“但你是真的呀。”
白鸟梨生怔住,仿佛被定格,直到意识慢慢聚焦,才继续说:“可这不公平。”
“确实,要你为虚假的情绪负责,听起来就是在欺负你。但老子现在真的很烦欸,有人在脑子里拿着喇叭一直喊讨厌你最讨厌你什麽的,啊,气得老子头都痛了。”
他说道,再度往后倒在台阶上,双手张开垫在脑袋后面,长腿往前一伸,脚后跟踩住下方的台阶,然后就这麽瘫在了阶梯上。
一点都看不出来气得头痛。
白鸟梨生微微出神。
其实这个时候,她也不知道自己为什麽会走神,照常理,她现在最该做的就是讲两句好话稳住五条悟,毕竟对方看起来真的会做出他说的那些事。可事实是周遭的一切都变得很安静,风轻轻吹了过来,拂过脸颊,带着一丝凉意,如同一个温和的、芬芳的吻。
白鸟梨生看了出去。
操场上,刚才还在绕圈跑的几名年轻咒术师已经开始分组练习。

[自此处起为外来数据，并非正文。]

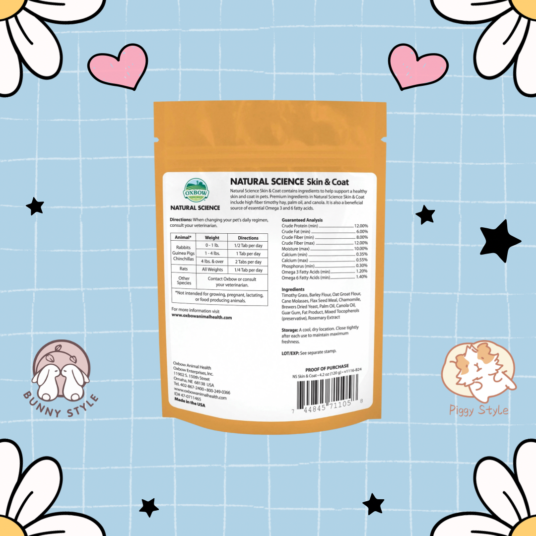 Oxbow NS 皮毛補充劑能有效維護小寵毛髮健康與光澤,含有豐富的 Omega 3 和 6 脂肪酸

她的目光无意识地从他们身上一一掠过,褪去咒术师的身份,他们看起来也只是与她同龄的少年少女。
那只庞大的熊猫除外。
头还重着,眼睛也又热又肿,白鸟梨生的心情却放松了下去。她弯腰,再次将下巴靠在膝盖上,闷闷地问:“为什麽?”
五条悟:“嗯?”
白鸟梨生觉得对方在装蒜,但还是出声解释:“你明知道只要我死了,现在的这一切就可以结束。为什麽不这麽做?”
五条悟笑了一下:“你不是知道吗?”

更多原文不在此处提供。